Clients in the institutional world are increasingly seeking ways to build better, achieve more sustainable billings or retrofit existing properties to reduce their cover footprint. Bird's experienced teams, sustainable solutions and our center for building performance support the execution of clients' goals in these areas.
With that, I'll turn it over to Wayne to go through our financial performance in more detail.
Thank you, Terry. Turning to Slide 11. Construction revenue for the second quarter of $686.4 million represented a 19% increase compared to the same period in 2022. On a year-to-date basis, revenues of $1.22 billion for the first half of 2023 represented a 17% increase from 2022. The company's margin profile improved in the quarter compared to the prior year, with gross profit percentage increasing to 7.9% and adjusted EBITDA margin increasing to 4.3% from 7.5% and 3.7%, respectively. This increase was primarily driven by the company's highly collaborative work program, growing backlog with enhanced margin profiles and expanded self-perform capabilities.
General and administrative expenses were $36.2 million or 5.3% of revenue versus $31 million and 5.4% of revenue in the corresponding period a year ago. I will note that the current year includes $2.4 million in costs related to rationalizing office pace, reflecting the ongoing efforts to improve cost efficiency and gain leverage on overhead.
Turning to earnings. Net income and earnings per share were $13.7 million and $0.26, respectively, compared to $14.1 million and $0.26 in 2022. I would highlight here that during the comparable period in 2022, the company received a one-time gain of $7.6 million and another $1.7 million of interest income related to the settlement of historical construction billings and related interest charges for the customer.
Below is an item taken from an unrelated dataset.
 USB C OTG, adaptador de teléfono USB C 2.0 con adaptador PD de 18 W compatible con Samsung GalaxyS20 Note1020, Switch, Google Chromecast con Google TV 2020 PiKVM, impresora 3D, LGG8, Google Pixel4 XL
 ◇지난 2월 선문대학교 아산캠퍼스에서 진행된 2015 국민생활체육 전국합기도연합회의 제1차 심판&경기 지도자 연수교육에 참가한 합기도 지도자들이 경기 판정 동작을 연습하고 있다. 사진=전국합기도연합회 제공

Adjusted earnings and adjusted earnings per share increased significantly compared to the prior year, reflecting the higher gross profit to $15.7 million and $0.29 compared to $8.5 million and $0.16 in the prior year. Bird maintains a healthy balance sheet with significant financial flexibility and liquidity. We closed the second quarter with $107 million in cash and cash equivalents and an additional $172 million available under our credit facility. This enables us to continuously invest in growth-related working capital, project-driven capital expenditures and potential tuck-in acquisitions to further enhance our service offerings and self-perform capabilities.
At the end of the second quarter, our working capital stood at $177 million, ensuring support for the current and future contractual requirements. As of June 30, our current ratio was 1.22 times. Our adjusted net debt to trailing 12-month adjusted EBITDA ratio stood at 0.08 times and our long-term debt-to-equity ratio was 23.4%, demonstrating our commitment to maintaining a healthy and sustainable capital structure.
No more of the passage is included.